In Salman Rushdie’s Shame, the character of Raza Hyder was caricatured to represent Zia ul-Haq. Similarly, writers in the west have shown a fascination for re-imagining their zealous leaders, from Claudius to Adolf Hitler. Hanif’s book gives us a similar portrait of a leader who is plagued by his own suspicions. The former Pakistan president is never at peace despite his frenzied readings of the Koran every day because he is always suspicious – this description drips with slapstick satire and intrigue.
That doesn’t, however, mean that the former President is portrayed as a black-and-white character, helping garb the writer’s own political leanings in the process. He is portrayed as someone fearing his wife’s whimsical behavior to listening to a maulvi tell him how to bring justice in the case of a blind rape victim and lying down on his stomach to face the country’s flag while a doctor’s fingers probe his arse. He is caricatured as a human being with a blasphemous thinking process who is very much real, stubborn, and God-fearing, an oft-forgotten characteristic of most world leaders.
Hanif’s book helps etch out this raw portrait of the former President. Further, the story isn’t shaped to address the global political scenario that Pakistan found itself in during the reign of Zia ul-Haq. The reality of this novel takes place in the bylanes and torture chambers of Pakistan, especially the wryly crafted love story between Ali and Obaid, making this a lighter read for the lovers of thrilling but politically unambiguous historical fiction. Interestingly, this is also the image of a country belonging to the South-Asian subcontinent that carefully forgoes its stereotypes – bombs, jihads, hatred for India – only to draw on the larger socio-political forces (read: leaders and their actions), which may be responsible for validating these popular beliefs.

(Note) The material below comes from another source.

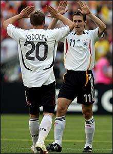 Podolski vui sướng cùng Miroslav Klose, người đóng vai trò quan trọng trong cả hai bàn thắng của anh
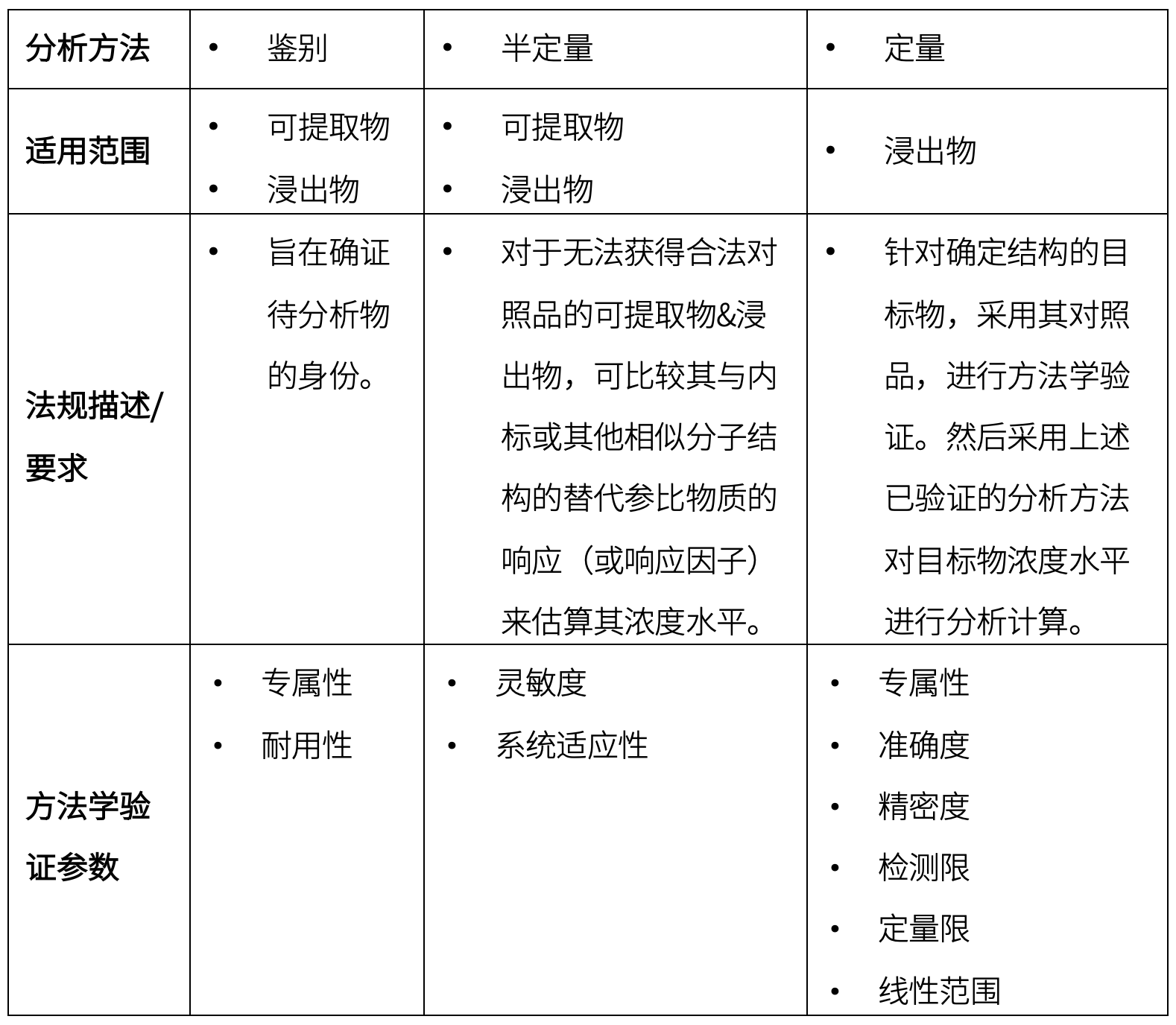 对于主要的分析仪器,需要对分析方法进行完整的方法学验证。参考CDE、ICH和USP等法规中关于分析方法验证的指导原则,可提取物&浸出物研究方法学验证要点如下表所示:

Critical Acclaim of the Book
A Case of the Exploding Mangoes (2008) won the Commonwealth Book Prize in the debut book category in 2009 and the Shakti Bhatt First Book Prize in 2008. It was longlisted for the Man Booker Prize in 2008 and shortlisted for the Guardian First Book Award in 2008. The New York Times even called the book out for its “eerie timeliness” and established Hanif’s commanding presence as a fiction writer in the scope of global literature.